Angelo eyed the wall clock. It was barely seven-thirty. Right, that’s when they’d gone riding too. Jo was clearly a morning person. He was a night owl who’d learned to be awake for two hours every morning to do the restaurant shopping and a workout before sleeping three more hours.
“After work?”
She’d started to turn for the locker room, but turned back and did that appraising thing.
Then she smiled, “Do you run?”
“Sure.”
“I’m training for the Hagg Lake triathlon next month in Forest Grove, Oregon. Meet at five o’clock by your restaurant?”
“Sounds great.”
Angelo watched her head off, damn that woman could walk. Then he pictured her in a sleek one-piece swimsuit and decided he’d better look into that triathlon himself and see if it was too late to sign up.
# # #
He was already well stretched and warmed up as she trotted up to him. Again those legs killed him. She wore a loose black t-shirt and bright, fluorescent orange running shorts. The wrap-around shades and her hair back in a ponytail swinging easily side to side completed the picture. But she had legs of bloody iron.
He fell in easily beside her. They dropped down Stewart Street and, after a little judicious zig-zagging around tourists, they followed Western Ave. toward Broad Street.
“You enter many tri’s?” He’d signed up for the Oregon event online. He’d been lucky enough to catch the last day of registration. He’d been relieved that it was a short one, a mile swim, twenty-five mile bike ride, and a ten-K run. There’d also been a shorter sprint tri, but he figured he could, depending on which Jo was doing, more easily choose to drop down to the shorter one than climb up to the higher one on race day.
“No.” They jogged in place waiting for a light chang
e where Alaskan Way cut uphill as Broad Street. “This is my first. Figured I’d embarrass myself where no one else would ever see me.”

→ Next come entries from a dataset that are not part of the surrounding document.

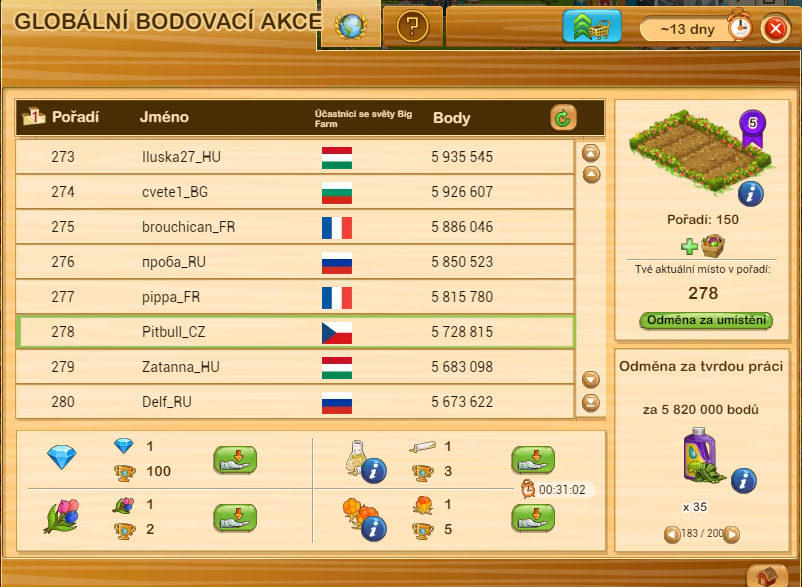 Za akci nezískáte pouze budovu ale také odměny za počet bodů a také body za umístění v žebříčku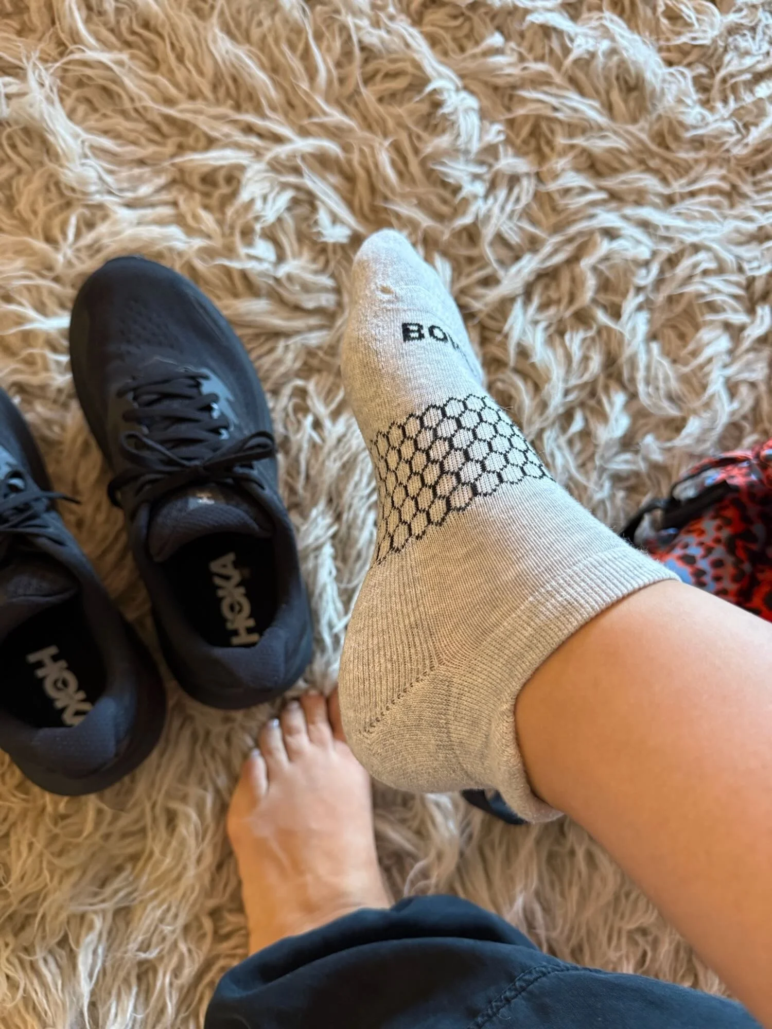 First, we put on THESE* cloudlike sneaks first thing in the morning because they literally make us want to propel ourselves into motion. Second, we stopped being cheapskates and buying shitty socks. We bought THESE* by Bombas, and our feet felt like heaven. Not sponsored to say this. These socks just were THE answer that made us do more of THIS which has both helped us lose an astonishing amount of weight and also helps us stay calm and centered each day when the type B idiots around us ask the same questions we've already answered but instead of snapping like we do when an overhead light is on, we feel entirely in control.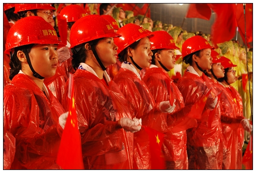 麗汽集團96位員工組成的合唱隊在雨中激情唱響《咱們工人有力量》。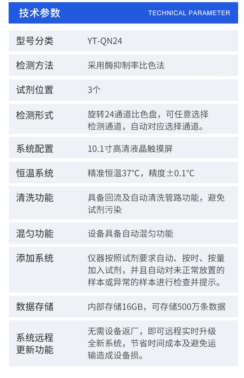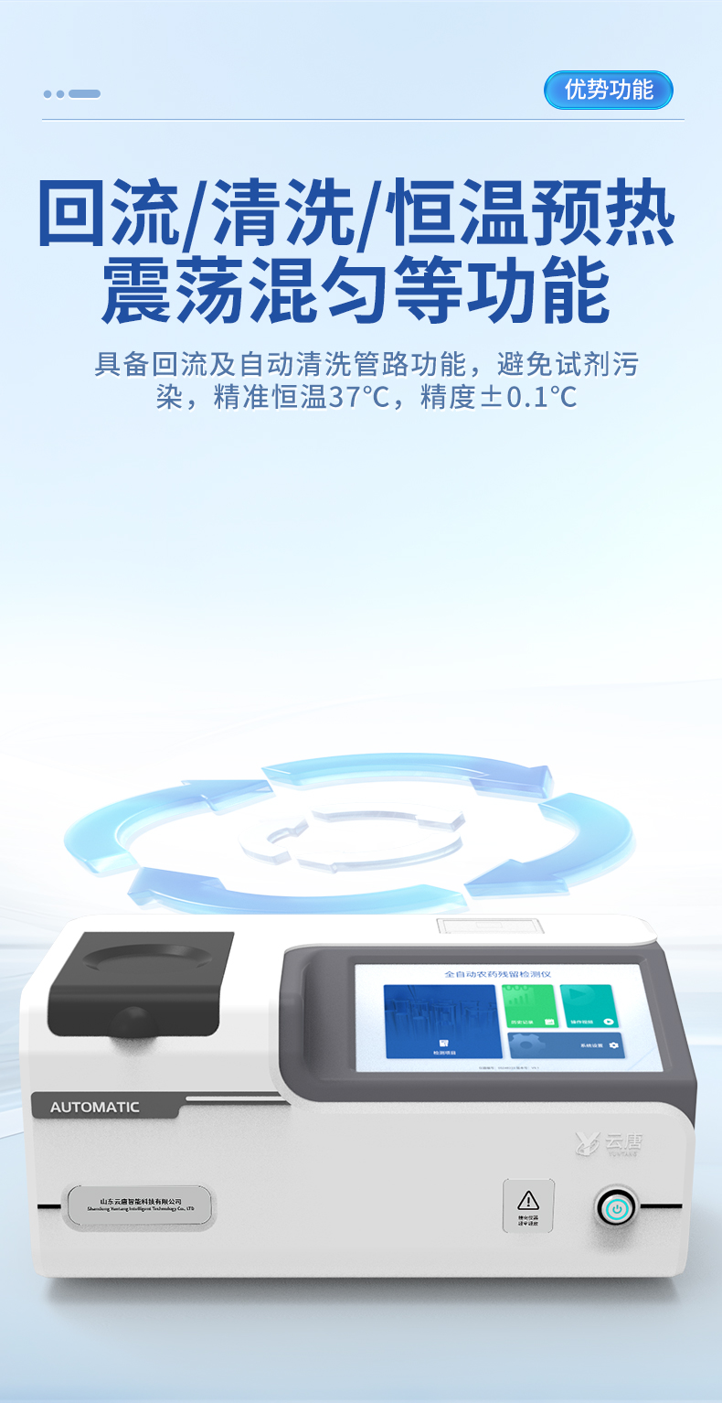 | 1. 試劑位置:3個 | 2. 檢測形式:旋轉(zhuǎn)24通道比色盤,可任意選擇檢測通道,自動對應(yīng)選擇通道。 | 3. 系統(tǒng)配置:10.1寸高清液晶觸摸屏,采用ARM Cortex?-A7,RK3288/4核處理器,運行內(nèi)存1GB。Android7.1.1 系統(tǒng)分辨率1280×800。 | 4.恒溫系統(tǒng):具有自動加溫溫控系統(tǒng),精準恒溫37℃,精度±0.1℃。 | 5.添加系統(tǒng):儀器按照試劑要求自動、按時、按量加入試劑,并且自動對未正常放置的樣本或異常的樣本進行檢查并提示。 | 6.清洗功能:儀器具備回流及自動清洗管路功能,避免試劑污染。 | 7.混勻功能:設(shè)備具備自動混勻功能。 | 8.光源校準:設(shè)備可自動校準,確保檢測準確度。 | 9.實時監(jiān)控:儀器測試過程中屏幕顯示運行狀態(tài),可實時查看。 | 10.數(shù)據(jù)存儲:內(nèi)部存儲16GB,可存儲500萬條數(shù)據(jù)。 | 11.樣品多選功能:設(shè)備具備樣品一鍵多選功能,選擇樣品自動匹配檢測通道。 | 12.項目預(yù)設(shè):可提前設(shè)置單個及多個相同或不相同的檢測任務(wù),可單次或者多次調(diào)取,減少檢測時間。 | 13.自定義打印系統(tǒng):內(nèi)置自定義打印系統(tǒng),可按需靈活設(shè)置開啟或關(guān)閉:產(chǎn)品合格證(國家農(nóng)業(yè)部標(biāo)準),二維碼,抽樣信息、檢測信息,受檢信息等信息的打印。 | 14.A4版本報告打印功能:設(shè)備可自動生成A4版報告,A4報告帶二維碼,可掃描二維碼生成電子版,并可識別真?zhèn)巍?/td> | 15.傳輸方式:儀器配備無線通信模塊: 4G(APN)通訊模塊、Wifi模塊,藍牙傳輸模塊,同時具有USB接口以及RJ45接口能以多種方式實現(xiàn)數(shù)據(jù)保存和數(shù)據(jù)傳輸功能,設(shè)備數(shù)據(jù)可以同步上傳至平臺。 | 16.數(shù)據(jù)監(jiān)管系統(tǒng):設(shè)備自帶監(jiān)管平臺,并可同步對接監(jiān)管平臺,數(shù)據(jù)可局域網(wǎng)和互聯(lián)網(wǎng)數(shù)據(jù)上傳,檢測結(jié)果可直接傳至食品安全監(jiān)管平臺。達到食品安全問題預(yù)估、預(yù)警。 | 17.系統(tǒng)遠程更新功能:無需設(shè)備返廠,即可遠程實時升級全新系統(tǒng),節(jié)省時間成本及避免運輸造成設(shè)備損。 |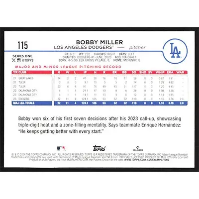 This is a 2024 Topps Bobby Miller Future Stars baseball card. The card is #115 and pictures show condition.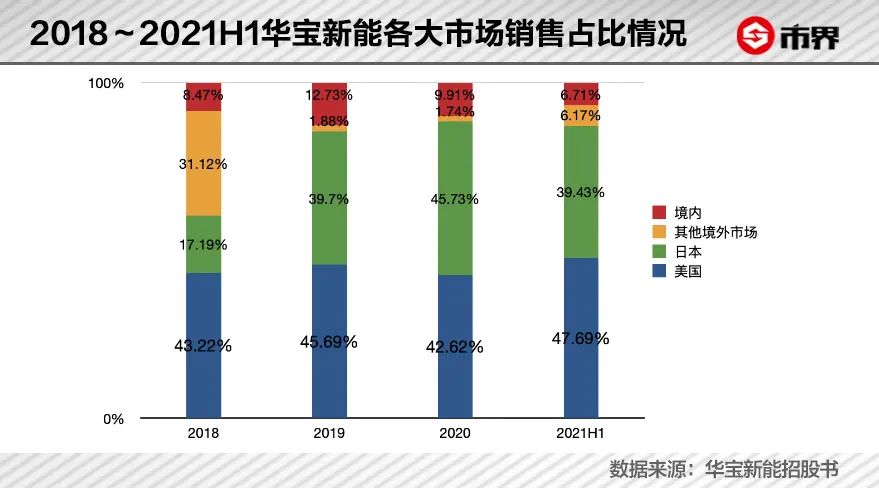 不过,华宝新能的业绩主要是境外市场贡献的,尤其是美国、日本等市场。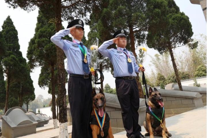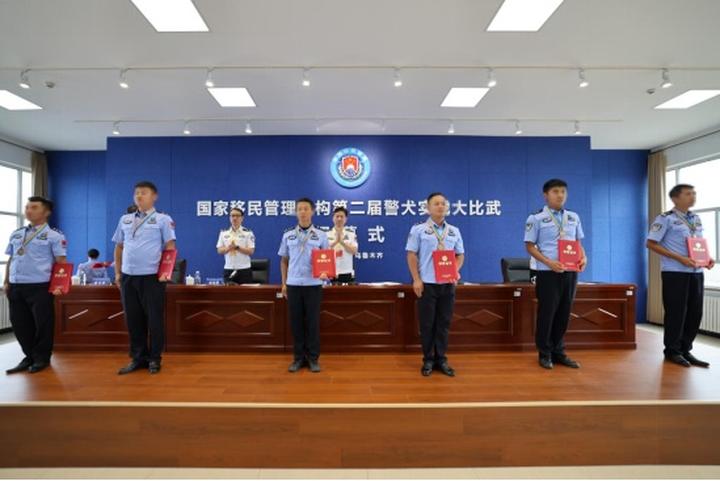 周州在国家移民管理机构第二届警犬实战大比武中获奖(右三)
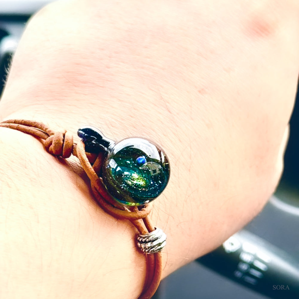 トップ、レザーバンド共にひとつひとつ手作りですので、観賞用としてのクオリティは確保しておりますが、手作り感があります。作品によっては気泡の弾けた小さな穴などがある場合でも、観賞、クオリティに問題がないと判断したものを出品しております。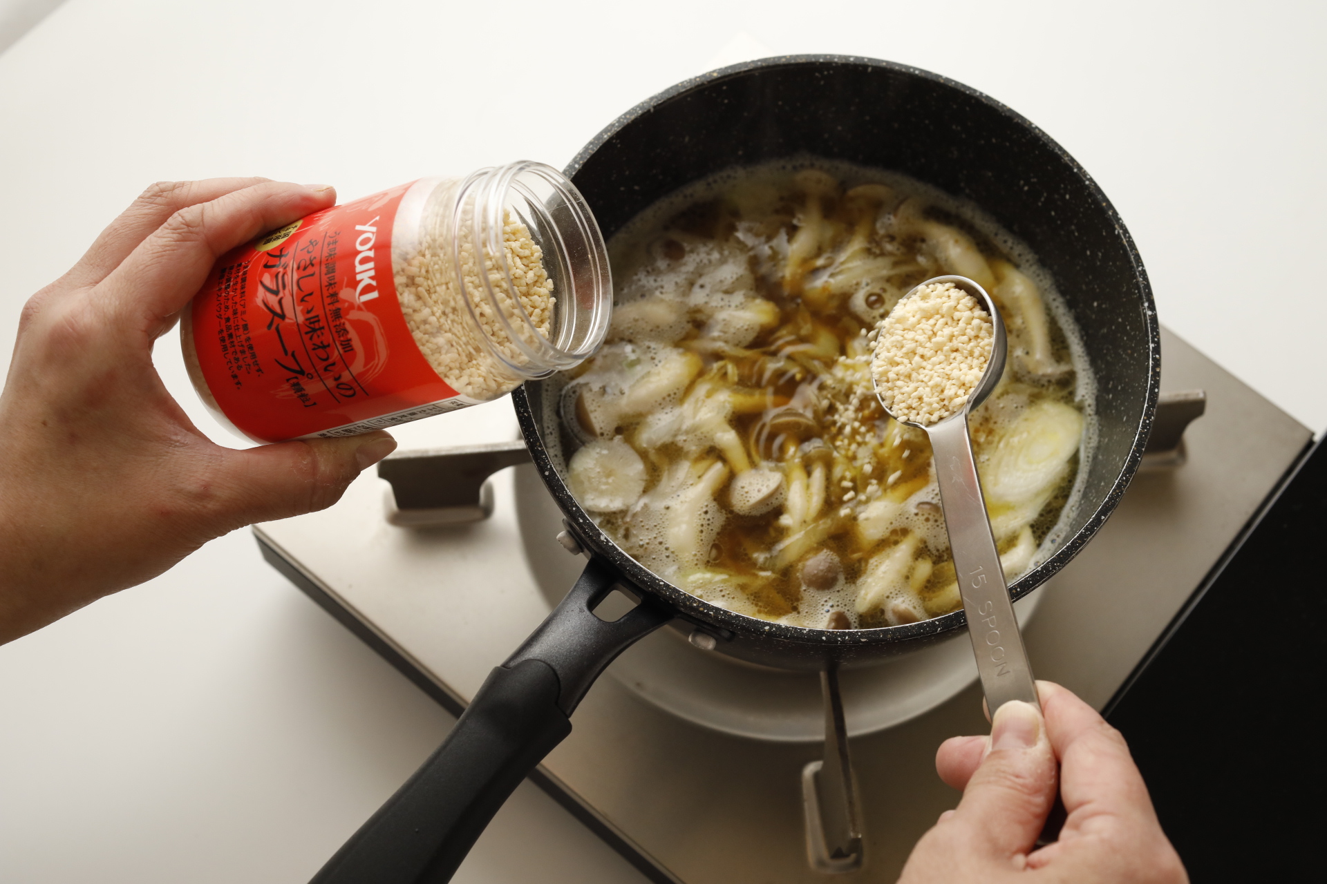 ②しめじがしんなりとしたら水2カップを加えて煮立て、カレー粉・ガラスープを加えて混ぜる。再び煮立ったら牛乳を加え、煮立つ直前に火を止める。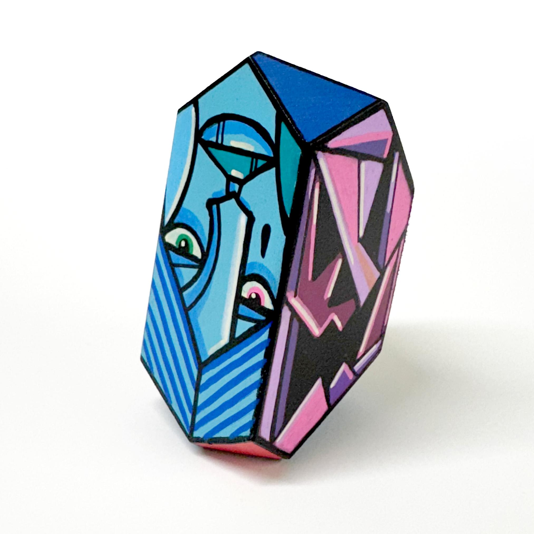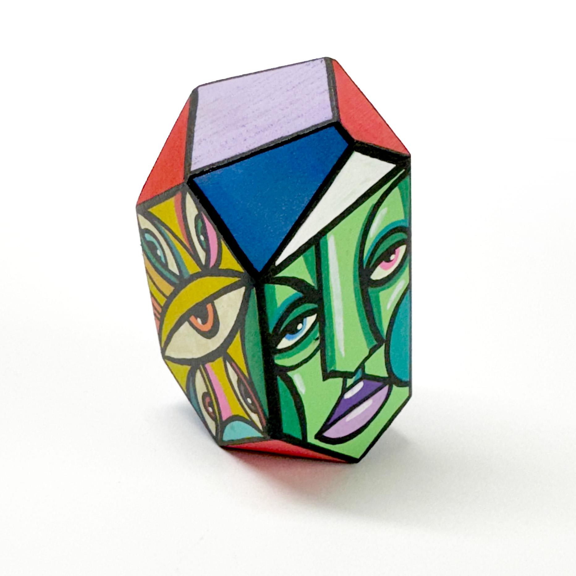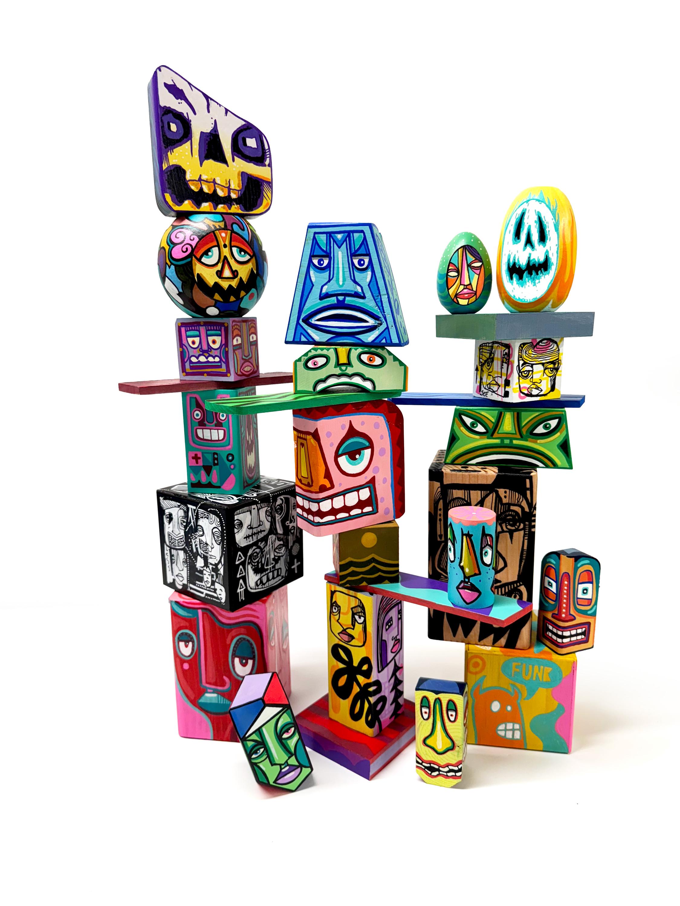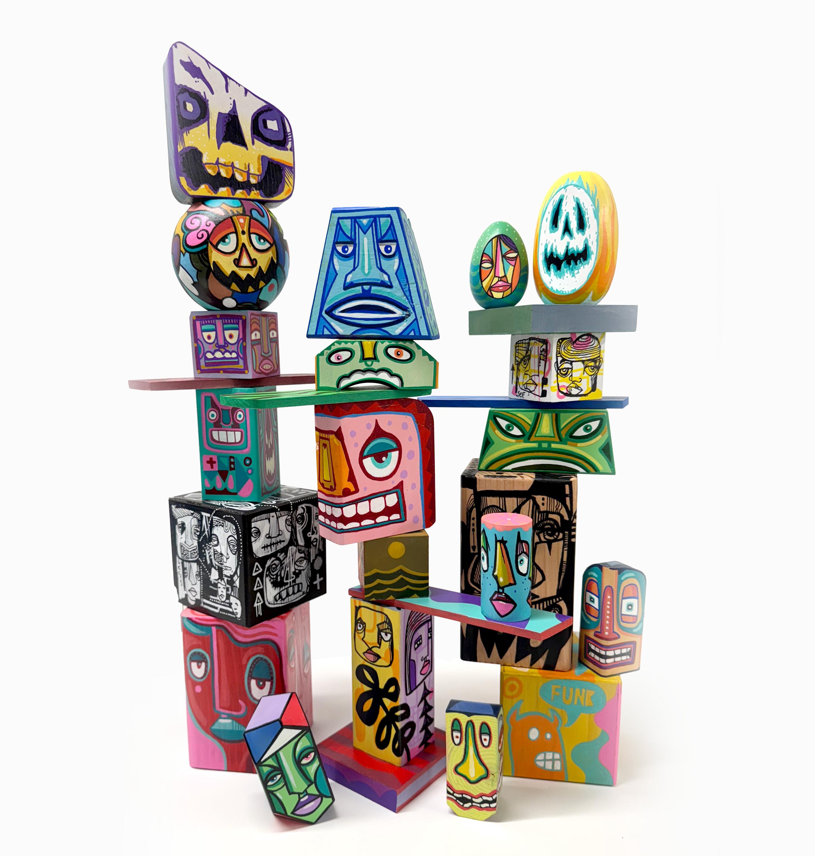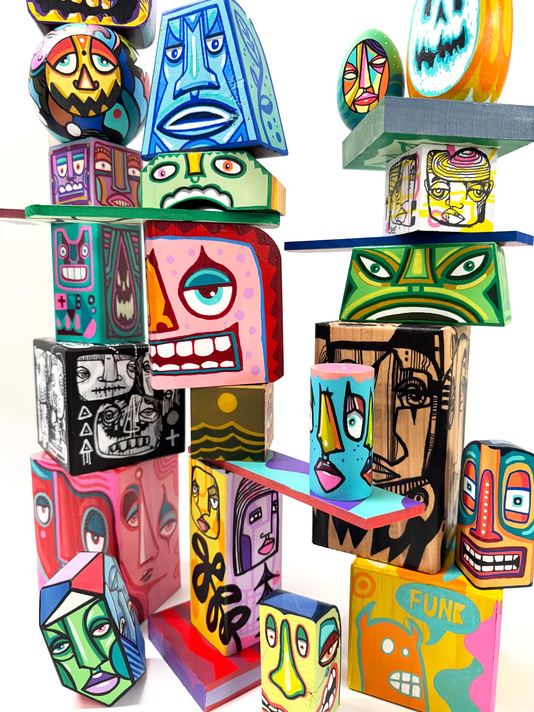 Funk Totem Parts are mixed media works of art on various sized wood blocks.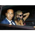 Paris Hilton was in good spirits when she arrived at VIP Room, where she partied with Justin Bieber.

Whoops! Well, he could always just lose the entry fee.
“Let me know if you want some company.”
Again those impenetrable glasses inspected him.
“Green,” he noted the light and trotted across the street.
They dropped down through Myrtle Edwards Park and turned north along the shore of Elliot Bay. The water was busy with ferries and sailboats, a pair of container ships, and a ridiculously tall cruise ship. The wind off the water tasted of the ocean and the mountains beyond, crisp and fresh on the warm afternoon. The sun beat down on them from high in the west, heating his back.
They ran in silence and Angelo worked on finding his rhythm. He used to run a lot, but this last year had been so crazy with the success of the restaurant that he hadn’t been out much. He knew that he’d have to push to be ready in a month, even for just a ten-K.
At Roy Street, Jo turned and cut uphill. A dozen blocks later they were winding through the mansions that covered the western slope of Queen Anne Hill. The narrow twisting streets wound and climbed in a maze-inspired array and he was quickly as lost as the dumbest rat.
“Damn, there’s some serious money here,” he managed to gasp out. He’d seen enough of that, growing up in Russell’s house. These places weren’t as big as the East Coast mansions owned by the New York magnates. The Morgan estate sat on a small island in Old Greenwich, Connecticut with only three other homes across the short causeway that separated them from shore. Their house had been a modest one by Old Greenwich standards, and would be a major one here, but not the biggest or best.
Jo drove up the hills at a steady pace, and he had to struggle to keep up without dying on the slopes. At long last, they crested the hill and ran down along Queen Anne Avenue itself. He could feel his legs unknotting, though his lungs didn’t recover as she upped the pace.
Either she was in as amazing shape as she looked, or she was trying to run him into the ground. Or maybe both. She ran as if a demon dogged her heels but as if winged Mercury, the Greek messenger god himself, had blessed her feet.